Von Balthasar identifies two "triads" that are intrinsic to the dramatic form and so may be found to exist in the theodrama. The first triad is author, director, and actor. The second triad is presentation, horizon, and audience.
Just like plays have an author, a director, and actors, so does the theodrama have this triad. For von Balthasar, this is a "perfect metaphor for the economic Trinity in the theodrama." (Steck, 55, quoting TDI 3.352) In other words, what we have here is a pattern or analogy for understanding the Triune God, not in His transcendency (ad intra), but in his expression to the created world (ad extra).
God the Father is the "author who shapes the drama and makes sure than it has its intended effect on the audience." Steck, 55. While he does this, he also must rely upon and grants a certain freedom and spontaneity to the director and actors in performing the work. While the actor in one perspective "stands above" the director and the actor, he also must "cherish their autonomy." Steck, 55 (quoting TD 1.280)
The Son of God is "the actor who makes real the author's dramatic idea." Steck, 55. While he is bound in a manner to the author's script, he is also designedly free to apply it in a non-mechanistic or non-manneristic way, as the author, God the Father, has necessarily left room for freedom of expression within his work.
The Holy Spirit is for von Balthasar the director, who takes the author's text, interprets, and allows it to speak "in a living and spiritual manner," by "prompting, inspiring, and organizing the actors as they bring their talents and energies to their respective roles." Steck, 55.
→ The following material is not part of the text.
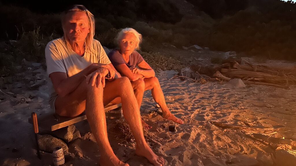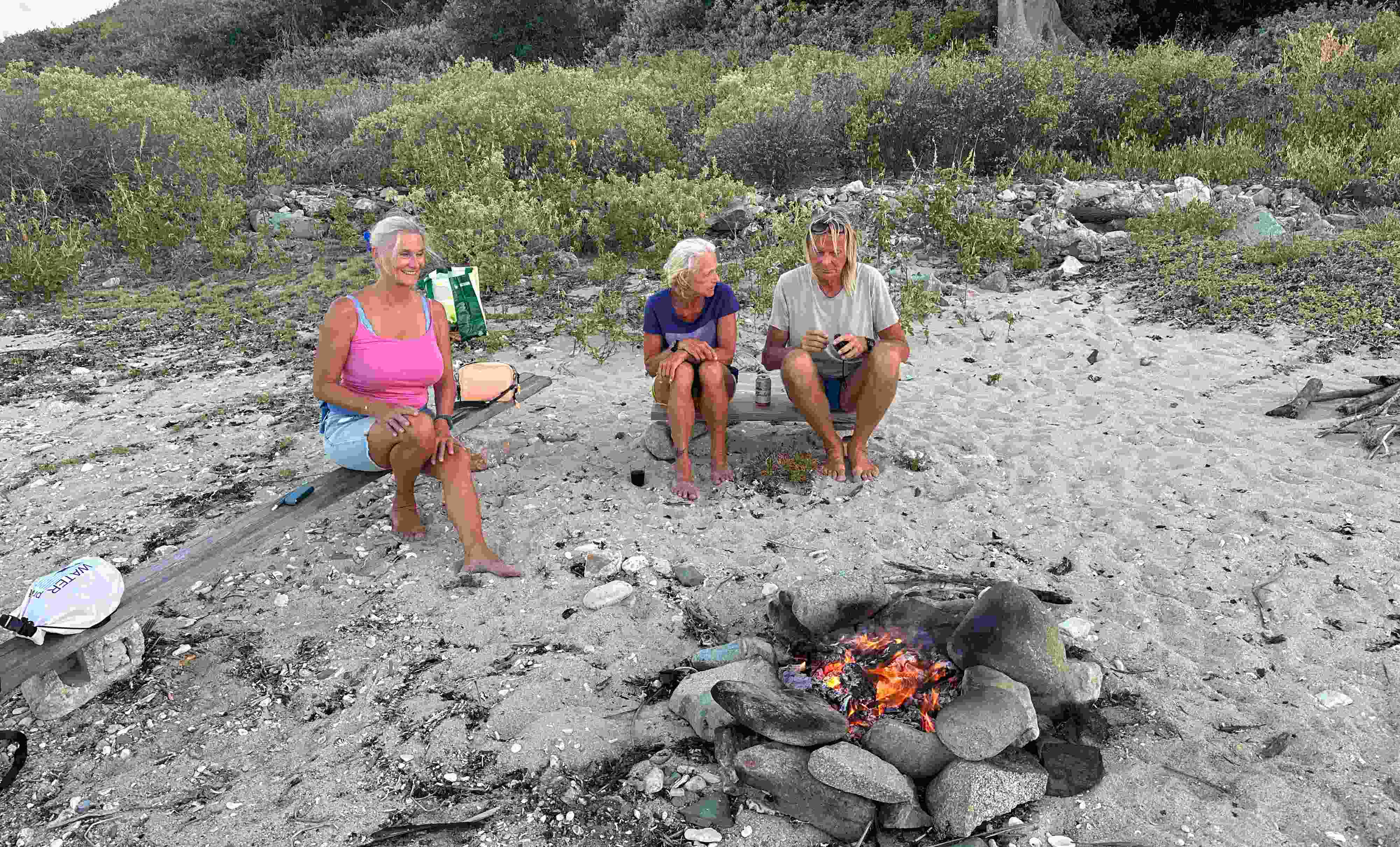 Ein paar Häuserruinen, der vom Hurrikan Irma zerlegte Steg und die alte Salzlache sind die letzten Überbleibsel der heisigen Zivilisation. Dazu ein leerer Sandstrand. Also ein idealer Platz für ein Sunset Lagerfeuer. Mit schlechtem Gewissen 😜 fuhren wir mit dem Beiboot an den Strand, zogen es aus dem Wasser und genossen das bereits lodernde Feuer, dass die beiden Freunde vorbereitet hatten. Kudi hat mit zwei Holzplatten auf großen Steinen zwei Sitzbänke herbeigezaubert. Andi hatte trockenes Holz gesammelt und wir? Wir hatten ein schlechtes Gewissen, nicht mitgeholfen zu haben. Trotz allem genossen wir das Feuer und den herrlichen Sonnenuntergang.
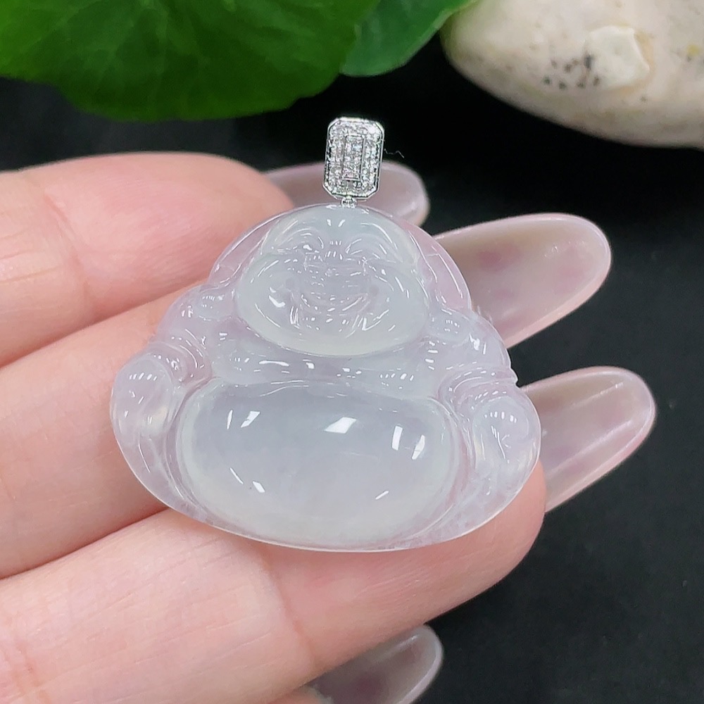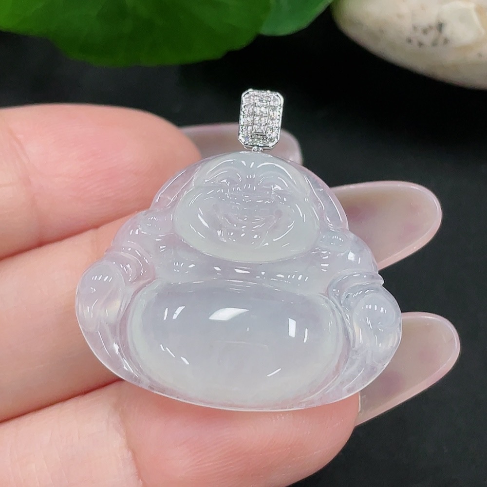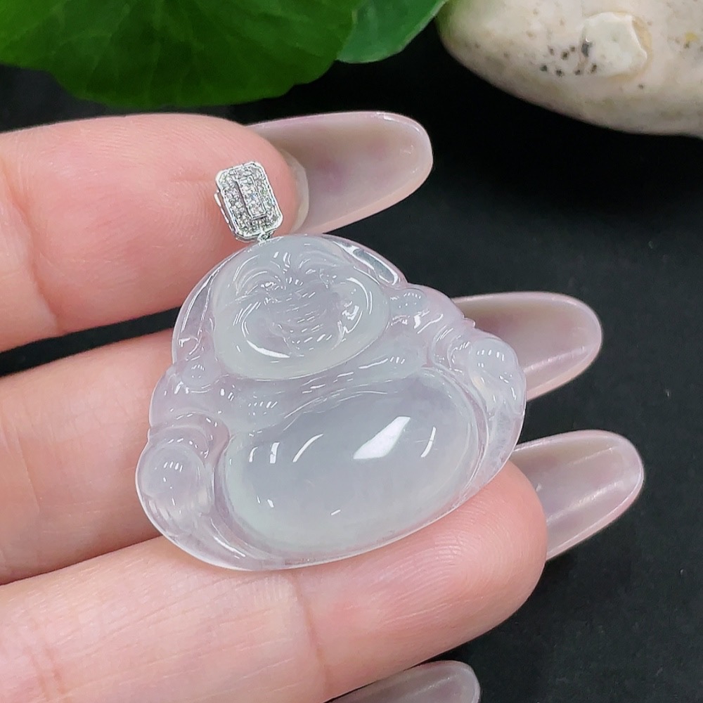 Jadeite Buddha Pendant 18K Gold Total Weight Approx. 5.7g (With Diamond Accents)

Trinity by Lucas Cranach the Elder
So, to put it all together, "God the author brings the dram 'into being as a unity'; God the actor conceives and executes his role 'on the basis of a single, unified vision.'; and God the director comes up 'with a unified vision embracing both the drama (with the author's entire creative contribution) and the art of the actors (with their very different creative abilities).'" Steck, 56 (quoting TD 1.268, 284, 298)
To view Jesus as the divine "actor" in this theodrama allows us to view him further as an actor in a form of tragedy. He is, as it were, a personification of the Greek tragic figure "who now does what Greek tragedy could never do: tie the contingent to the absolute in a universal way that stamps every existent with its pattern." Steck, 56. Jesus overcomes the limitations of philosophy (its universal, non-concrete quality) and the limitations of Greek tragedy or myth (its contingency, its lack of basis in reality). Jesus is the "concrete universal." Steck, 56. (Jesus as the "concrete universal" is another way of stating the historical, ontological, and religious "scandal of particularity" we find in Jesus.)
The reason Jesus is the "concrete universal" is that he "opens for the finite, historical creature a stage in which his finitude is granted eternal (absolute) meaning." The infinite absolute and universal become man in a contingent, particular, concrete existence in the Incarnation. This bound together into one divine person both the universal and concrete, both God and man, the Uncreated Absolute and the created particularity. It thus allows man to overcome his contingent existence and through this "concrete universal" himself become part of the absolute.
As we stated in our last posting, von Balthasar's view of the Christ-event as a sort of theodrama, and this triadic division of the theodrama into author-actor-director is wed to his Christian ethics. "Whatever form of divine command ethics appears in von Balthasar, it must be interpreted in light of a God who 'authors' our play and give us our (christological) roles but who also makes room for our contribution as we are prompted by the Spirit." Steck, 56. Succinctly, the moral life is participation in the theodrama.